During the fall of 1962 LaCerte left for college in D.C. but remained active. "I played trumpet and piano with a black R&B group in D.C," he continued. "I also played cocktail music at a variety of restaurants and fronted for the Smothers Brothers at the Shoreham." LaCerte connected with a band in Frederick, Maryland, who had summer bookings for Eastern Shore clubs and a potential European tour. "In December the keyboard player and lead guitarist were drafted," said LaCerte. "That gave me an opportunity to fill in. I told the manager about Ronnie Mills. He sent Ronnie a bus ticket for D.C. and a January audition.
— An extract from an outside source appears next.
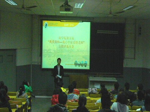 会议伊始,商学院学生会主席宁远对此次活动进行了介绍。此次活动是由校学生会主办的大型品牌活动,旨在动员广大同学评选出教学水平高,讲课质量好,关心学生,受同学们爱戴尊敬的老师。评选过程中,通过DV短片、播放幻灯片等各种形式,展现了老师们在教学成绩、学术成就、获奖方面的基本状况,从工作、生活等方面全面展示了参评教师兢兢业业、恪尽职守的工作作风和勇于探索、勤于钻研的良好学术风范,博得现场同学的阵阵掌声,紧接着学生代表慎重考虑后为所喜爱的老师投票,评选现场气氛十分热烈。据悉,此次评选共有八名候选老师,分别来自我院八个不同的专业,最后将从八位老师之中选出一名参加校级评选,评选结果将于近日公布。

Since the Blazers had disbanded, Ronnie came to Washington and stayed in my dorm for two months, posing as a student."

Mills got the gig as lead singer and guitarist. "I was ecstatic," LaCerte recalled. "At our first rehearsal, however, the manager informed Ronnie there would be no Buddy Holly music since he did not want to introduce rockabilly to the Eastern Shore. He also insisted that Ronnie get a haircut, which Mills refused to do. We did not get the gig."

"A lovely co-ed fell in love with Ronnie and that kept him in D.C. a little longer. We found two pickup musicians---bass and drums---and played a nearby club, packing the joint until they went broke a month later. That ended the D.C. chapter of the Blazers. Ronnie left in mid-spring and I haven't seen him since. Wayne's and my recollections jive almost completely. Given our then constant state of inebriation, either our recollections are remarkably accurate or equally delusional.

One thing for sure---we played to packed houses at 92, the music was good, and the times were wild."

-- Wayne Renardson

The author is a free-lance writer studying jazz in Nashville. He currently prefers playing bass to drums, although the love of rhythm remains.